* [STORED DATA]:
== Segment start ==
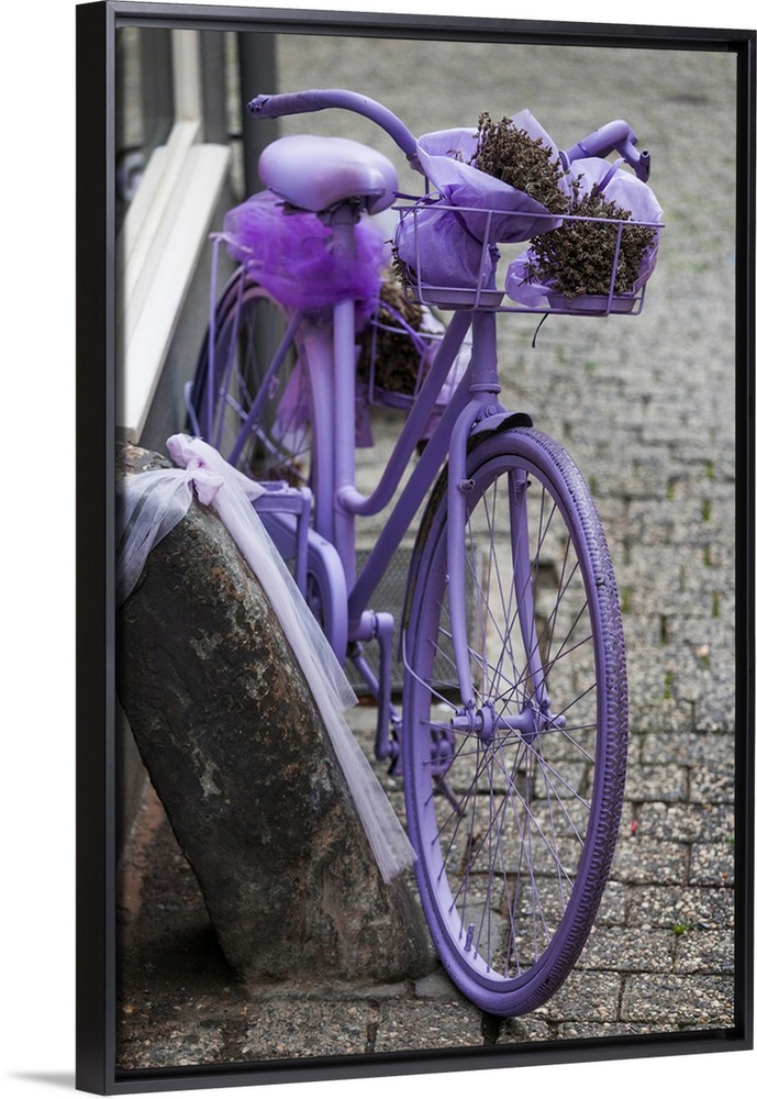 <p>Purple bicycle on street, Limburg an der Lahn, Hesse, Germany</p>
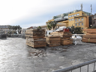 Il ‘carrozzone’ del Festival è in allestimento e i lavori all’esterno subiranno un breve stop solo mercoledì, quando è previsto il passaggio di una forte perturbazione, poi ci sarà il via libera di Giove pluvio, visto che le previsioni per la fine del mese sono buone.
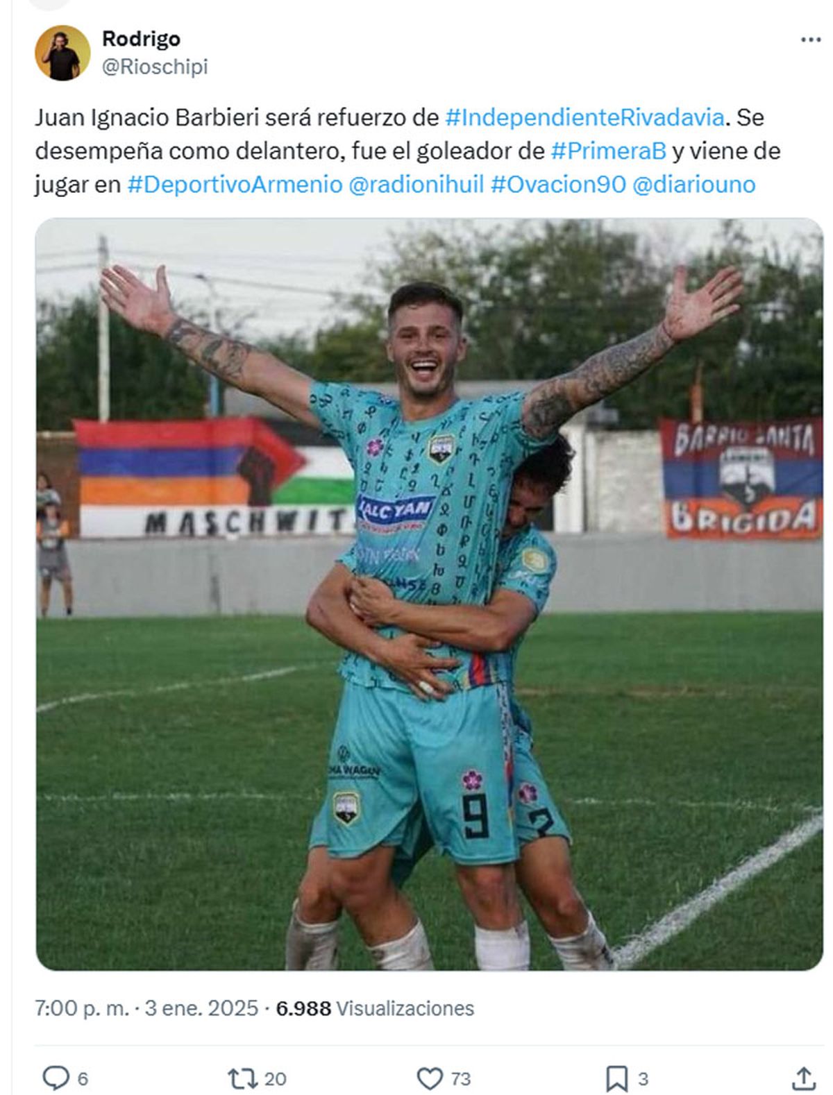 También se sumaría un delantero, que es nueve de área. Se trata de Juan Ignacio Barbieri, quien fue el goleador de la Primera B Metropolitana en el 2024 con Deportivo Armenio.
== Segment end ==
* [ASSIGNMENT]: Reproduce the listing exactly. Leave its pictures out.

* [ANSWER SECTION]:
 <p>Purple bicycle on street, Limburg an der Lahn, Hesse, Germany</p>
 Il ‘carrozzone’ del Festival è in allestimento e i lavori all’esterno subiranno un breve stop solo mercoledì, quando è previsto il passaggio di una forte perturbazione, poi ci sarà il via libera di Giove pluvio, visto che le previsioni per la fine del mese sono buone.
 También se sumaría un delantero, que es nueve de área. Se trata de Juan Ignacio Barbieri, quien fue el goleador de la Primera B Metropolitana en el 2024 con Deportivo Armenio.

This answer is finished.